▶ **WHAT THIS TASK INVOLVES**: The answer is to be the lines below that lie between the line holding "Чашки Петри 35" and the line holding "Simply connect the", inclusive, transcribed exactly and free of pictures.

▶ **DATA**:
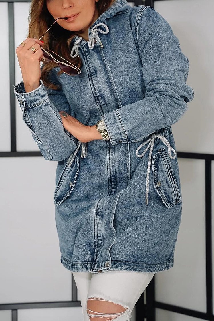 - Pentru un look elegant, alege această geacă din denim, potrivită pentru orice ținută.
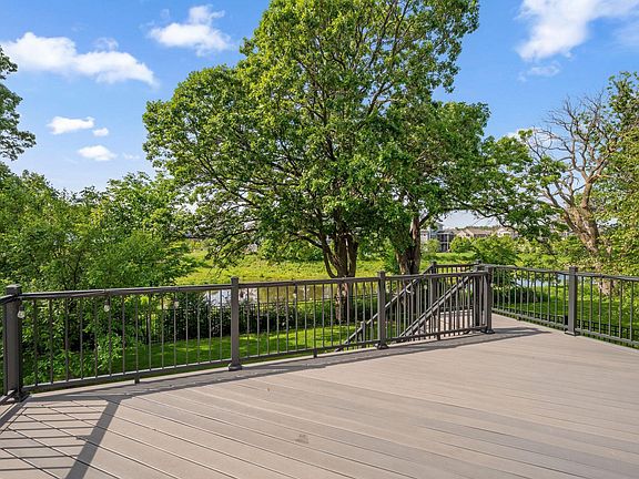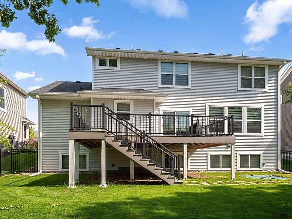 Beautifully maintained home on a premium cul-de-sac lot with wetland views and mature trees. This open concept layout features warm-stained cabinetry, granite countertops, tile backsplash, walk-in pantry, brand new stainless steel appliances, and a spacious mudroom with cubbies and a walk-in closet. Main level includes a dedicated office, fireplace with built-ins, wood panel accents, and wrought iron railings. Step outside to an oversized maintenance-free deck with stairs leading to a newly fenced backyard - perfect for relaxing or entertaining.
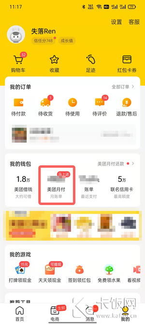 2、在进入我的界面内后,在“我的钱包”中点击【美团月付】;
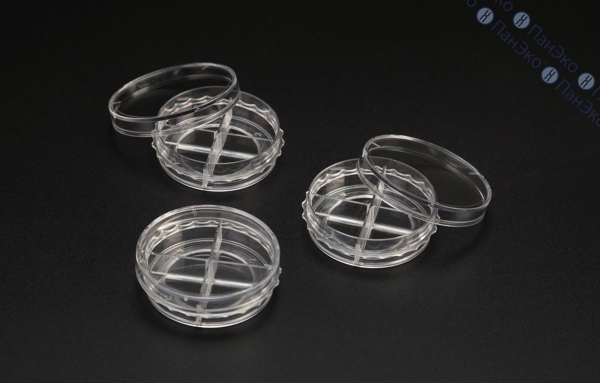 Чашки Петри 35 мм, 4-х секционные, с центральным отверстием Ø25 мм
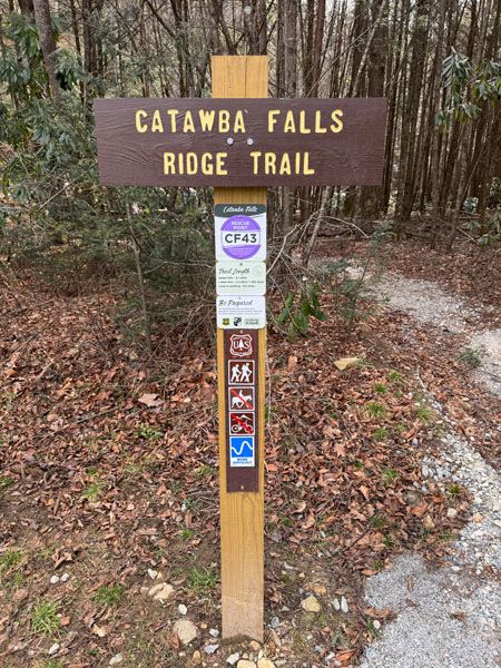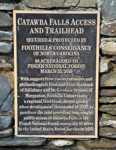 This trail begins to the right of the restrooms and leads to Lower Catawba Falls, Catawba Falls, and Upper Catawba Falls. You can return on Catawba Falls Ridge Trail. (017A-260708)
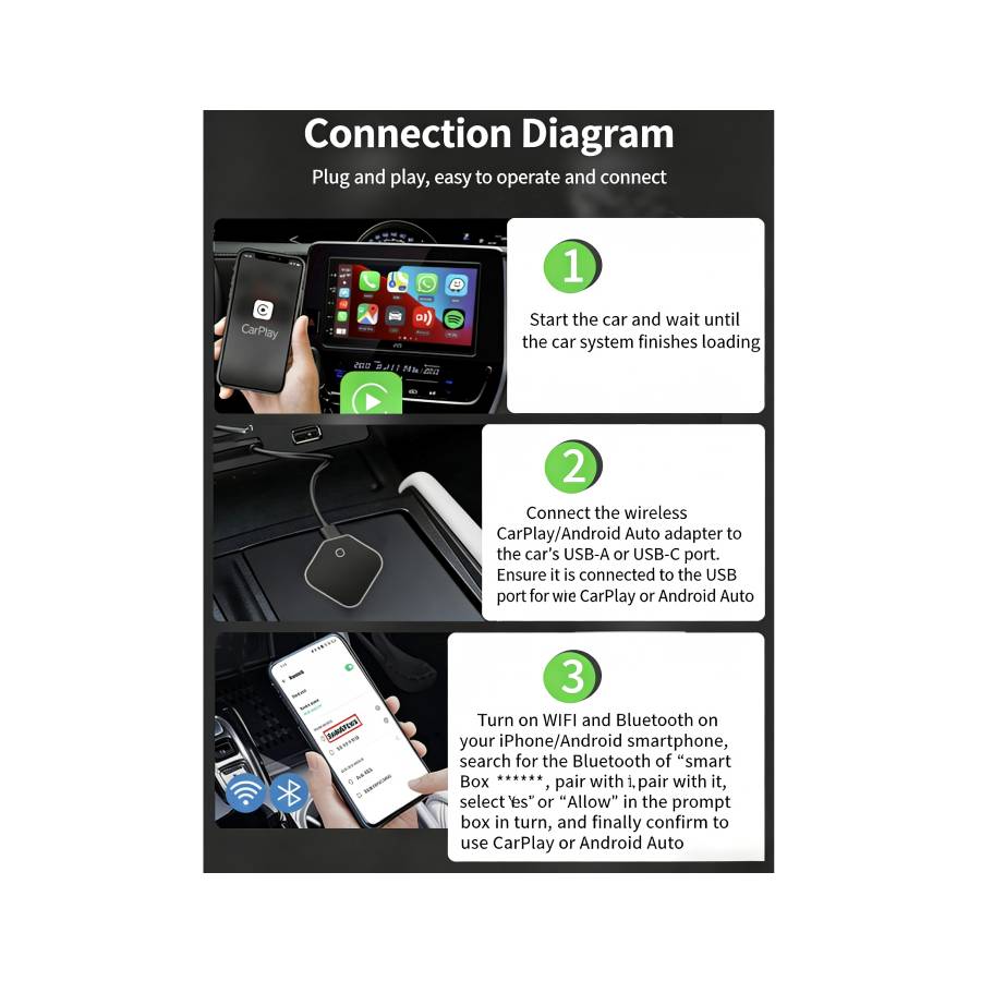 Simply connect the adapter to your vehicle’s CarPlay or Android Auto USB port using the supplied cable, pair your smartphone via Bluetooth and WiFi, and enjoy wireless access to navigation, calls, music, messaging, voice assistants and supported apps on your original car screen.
...
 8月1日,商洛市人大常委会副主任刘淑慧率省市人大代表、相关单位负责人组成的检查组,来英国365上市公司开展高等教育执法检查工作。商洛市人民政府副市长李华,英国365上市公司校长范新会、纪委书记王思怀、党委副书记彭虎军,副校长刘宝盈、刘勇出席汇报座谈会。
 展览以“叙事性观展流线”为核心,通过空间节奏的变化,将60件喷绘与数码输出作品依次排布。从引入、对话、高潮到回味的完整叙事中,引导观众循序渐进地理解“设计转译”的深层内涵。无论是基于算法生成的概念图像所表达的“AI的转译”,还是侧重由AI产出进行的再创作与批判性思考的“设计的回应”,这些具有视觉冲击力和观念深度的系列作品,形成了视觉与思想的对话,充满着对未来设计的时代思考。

▶ **RESPONSE BOX**:
 Чашки Петри 35 мм, 4-х секционные, с центральным отверстием Ø25 мм
 This trail begins to the right of the restrooms and leads to Lower Catawba Falls, Catawba Falls, and Upper Catawba Falls. You can return on Catawba Falls Ridge Trail. (017A-260708)
 Simply connect the adapter to your vehicle’s CarPlay or Android Auto USB port using the supplied cable, pair your smartphone via Bluetooth and WiFi, and enjoy wireless access to navigation, calls, music, messaging, voice assistants and supported apps on your original car screen.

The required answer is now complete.